• What the exercise asks:
Copy the data verbatim and leave out every picture.

• Data block:
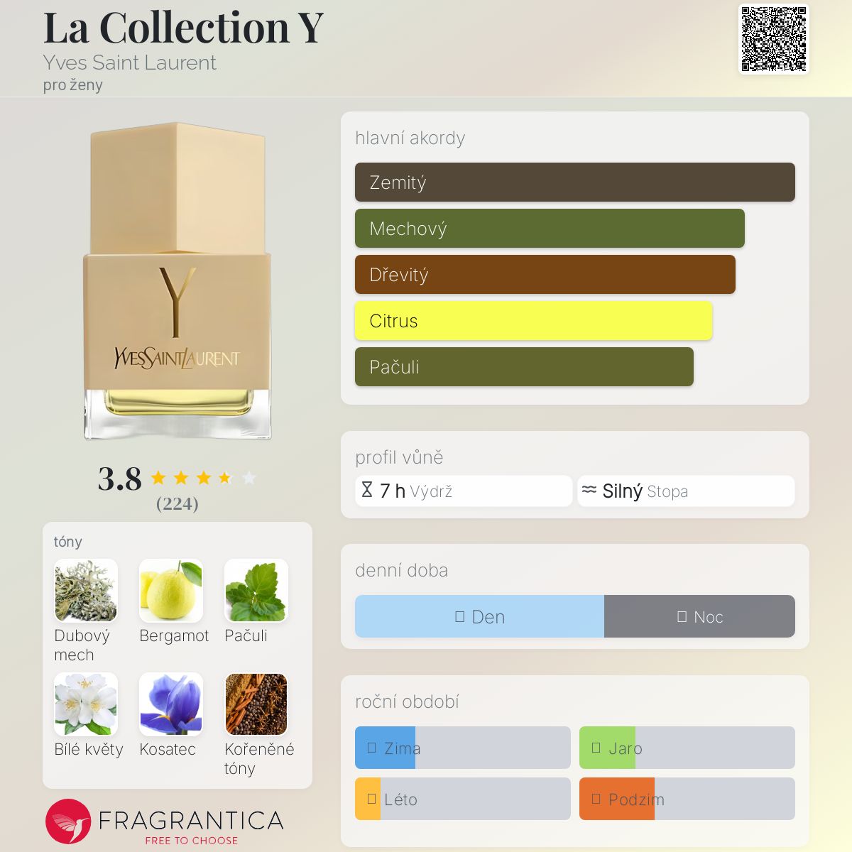 La Collection Y podle Yves Saint Laurent je Chypre Floral vůně pro ženy. La Collection Y byl/a uveden/a v roce 2011. Vrchní tóny jsou Bergamot a Koření; střední tóny jsouBílé květy, Kosatec a Růžový pepř ; základní tóny jsou Dubový mech a Pačuli.
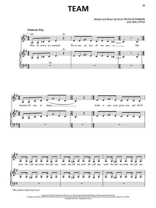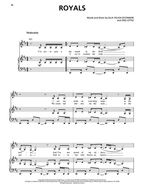 17-year-old New Zealand newcomer Lorde released this, her debut album, in September 2013. It reached the top of the modern rock/alternative and rock albums charts, and the lead single Royals won the 2014 Grammy® Award for Song of the Year and Best Pop Solo Performance. Our folio features this break-out hit plus nine other tunes: Buzzcut Season · 400 Lux · Ribs · Still Sane · Team · Tennis Court · and more.
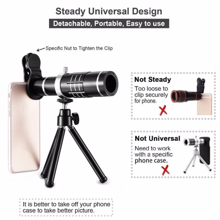 - Complete Package: The package includes everything you need, including the 18X Zoom Telephoto Lens, tripod mount, a convenient carrying bag, lens covers, phone clip, and easy-to-follow instructions.
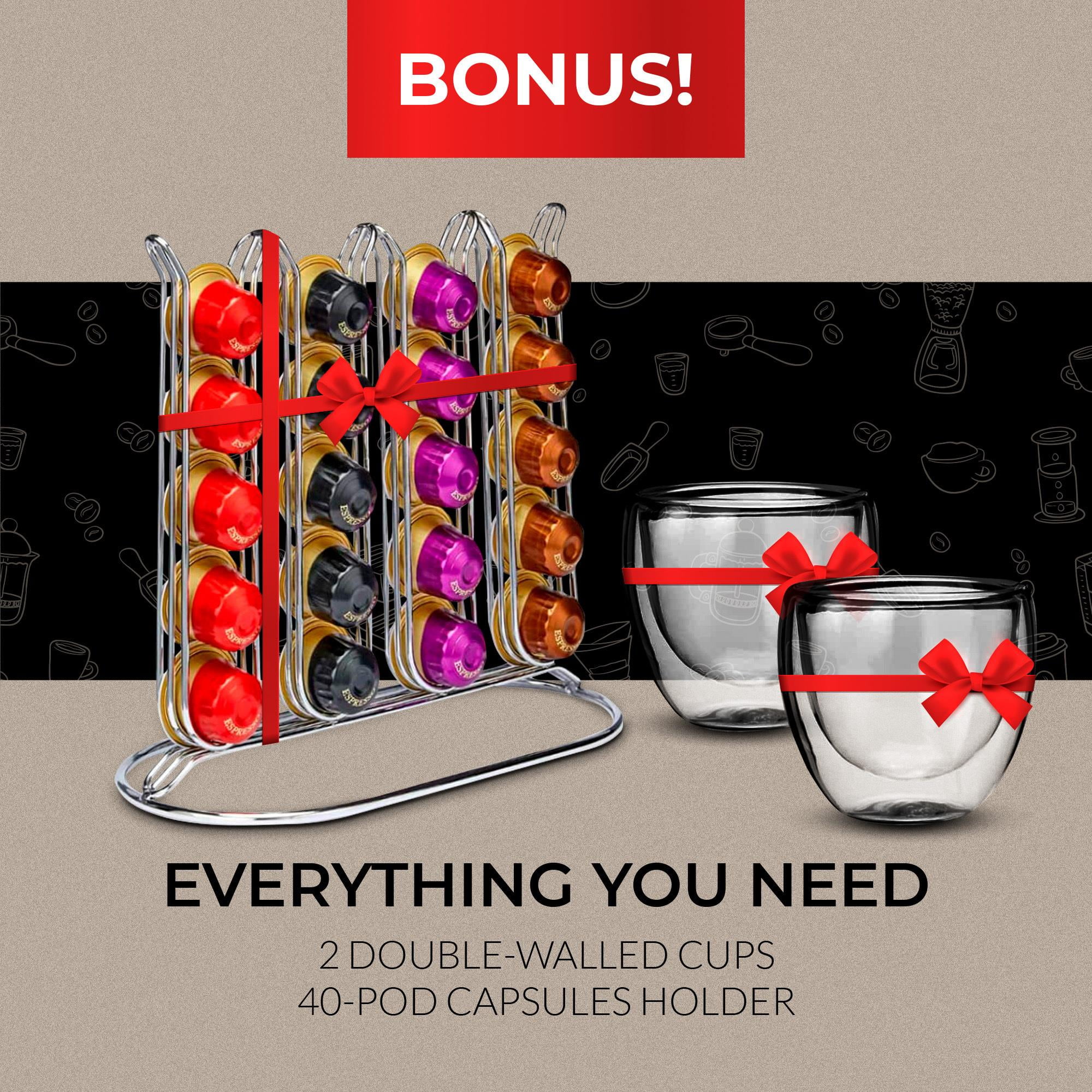 Barista-Style Italian Capsule Espresso Machine: Features high quality Italian 20 bar pressure pump. Brew rich, flavorful, consistent and delicious cup of coffee at a touch of a button. 2 programmable brew sizes: Espresso (1.3 oz) or Lungo (3.75 oz). Easy convenient clean up: After brewing, the capsule is automatically ejected and stored. Capsule container, drip tray and water tank are easy to remove and are dishwasher safe. Compatible with Nespresso Original Line Capsules: Designed for use with the Original Line Nespresso capsules or any other branded capsules. The Kava is equipped with a fast heat-up system that reaches the ideal temperature in under 30 seconds! Compact and Energy-saving : Lightweight, mini, instant pod coffee machine, takes up very little room on the countertop. Machine will turn off to save energy with the automatic 2-hour shut off and standby mode. 1-Year Chefwave Warranty: We want to ensure that you’re satisfied with our products. Money back guarantee. This warranty covers parts and labor so that you can enjoy using it worry-free! ETL Certified.

• Written answer:
 La Collection Y podle Yves Saint Laurent je Chypre Floral vůně pro ženy. La Collection Y byl/a uveden/a v roce 2011. Vrchní tóny jsou Bergamot a Koření; střední tóny jsouBílé květy, Kosatec a Růžový pepř ; základní tóny jsou Dubový mech a Pačuli.
 17-year-old New Zealand newcomer Lorde released this, her debut album, in September 2013. It reached the top of the modern rock/alternative and rock albums charts, and the lead single Royals won the 2014 Grammy® Award for Song of the Year and Best Pop Solo Performance. Our folio features this break-out hit plus nine other tunes: Buzzcut Season · 400 Lux · Ribs · Still Sane · Team · Tennis Court · and more.
 - Complete Package: The package includes everything you need, including the 18X Zoom Telephoto Lens, tripod mount, a convenient carrying bag, lens covers, phone clip, and easy-to-follow instructions.
 Barista-Style Italian Capsule Espresso Machine: Features high quality Italian 20 bar pressure pump. Brew rich, flavorful, consistent and delicious cup of coffee at a touch of a button. 2 programmable brew sizes: Espresso (1.3 oz) or Lungo (3.75 oz). Easy convenient clean up: After brewing, the capsule is automatically ejected and stored. Capsule container, drip tray and water tank are easy to remove and are dishwasher safe. Compatible with Nespresso Original Line Capsules: Designed for use with the Original Line Nespresso capsules or any other branded capsules. The Kava is equipped with a fast heat-up system that reaches the ideal temperature in under 30 seconds! Compact and Energy-saving : Lightweight, mini, instant pod coffee machine, takes up very little room on the countertop. Machine will turn off to save energy with the automatic 2-hour shut off and standby mode. 1-Year Chefwave Warranty: We want to ensure that you’re satisfied with our products. Money back guarantee. This warranty covers parts and labor so that you can enjoy using it worry-free! ETL Certified.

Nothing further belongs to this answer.